I have been working in the image measurement industry for over twenty years, and I have encountered all kinds of workpieces as well as many unexpected “phenomena” during inspections. One common issue is that when the surface of a workpiece is relatively rough or has special coatings, the edge recognition of the image measuring instrument becomes unstable, and the measurement results show obvious deviations. This is not a problem with any specific manufacturer’s equipment but rather the result of both optical principles and material properties.

Ideally, the edges of a workpiece in an image should appear as clear grayscale transitions: from bright to dark or from dark to bright, forming a sharp gradient. With this, the edge detection algorithms in the software can capture stable signals and extract the boundary accurately. But reality is often far from ideal. For example, when aluminum parts are sandblasted, the surface is filled with tiny irregular bumps. The incident light undergoes diffuse scattering, and the grayscale distribution seen by the camera becomes chaotic. Bright and dark regions alternate, and the curve fluctuates heavily. What should have been a clean “boundary line” turns into a shaky grayscale profile.

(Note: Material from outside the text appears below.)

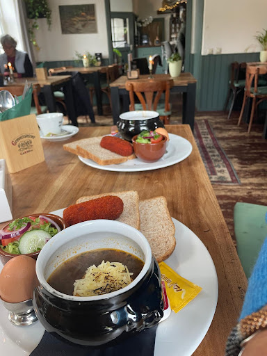 Ter gelegenheid van ons 50 jarig huwelijk hebben we met 25 personen gelunched in dit eetcafe. Vooraf hebben we onze wensen goed doorgesproken. Ook omdat er 1 familielid strikt glutenvrij is. Daarbij ook voor de bemanning en paardenverzorgers van de Onthaesting broodjes voor aan boord besteld. De tafels in de lunchkamer waren bij binnenkomst gezellig gedekt. Sonja zorgde ervoor dat het glutenvrije eten steeds als eerste werd uitgeserveerd. Het uitgebreide 12 uurtje was prima. Huisgemaakte eiersalade en kroketten met een kopje soep en brood. Heerlijk. Ook de versgeperste jus was echt vers geperst. Nog een schaaltje verse fruitsalade als afsluiting. Het was echt zo goed verzorgd! Binnenkort met z’n tweetjes maar eens het diner gaan uitproberen. Eind juli hadden we al eens koffie/thee met appelgebak uitgeprobeerd. Deze mensen weten hoe je gemberthee moet maken. En dan de appeltaart van Sonja! Voor ons dus alle...

I recall once inspecting a precision mold part whose surface had an oxide layer. The reflectivity varied drastically across regions: some areas appeared overly bright while others were very dark. As a result, the edge transition was broken up, the gradient lost stability, and the extracted boundary became blurred or even fractured. The customer was puzzled at the time, assuming it was due to insufficient instrument accuracy, but the root cause was the complex surface reflection.

Another problem brought by rough surfaces is noise. I once helped an automotive parts factory inspect sandblasted castings. When the image was magnified, it was filled with bright speckles and grainy patterns. The algorithm mistakenly treated many speckles as edge points, causing measurement deviations of tens of microns. For precision parts, such errors are absolutely unacceptable.

The situation becomes even more complicated when a metallic coating is added. Coatings tend to produce micro-reflections, creating sharp brightness differences between neighboring pixels. The image then becomes full of tiny bright and dark spots. These interference signals mix with real edges, making it difficult for the software to determine the true boundary. Often, the system either fails to detect gaps or creates “false edges.”

I also remember encountering this with smartphone frames. The anodized surface produced numerous fine reflective points in the image. The software interpreted them as part of the edge, and the calculated length was significantly larger than the actual dimension. This case made it clear to me that noise interference is far more destructive to measurement accuracy than many people realize.

After more than two decades in this field, I have realized one thing: the biggest challenge with rough surfaces and special coatings is not the quality of the equipment but the limitations of optical imaging itself. Uneven grayscale distribution makes edge signals unstable, while noise interference “confuses” the algorithm. That is the real reason why recognition rates drop. When faced with such situations, one cannot simply blame the instrument. Instead, solutions must be sought from three aspects: lighting design, material properties, and software processing. Only by understanding these principles can we truly bring out the best performance of an image measuring instrument.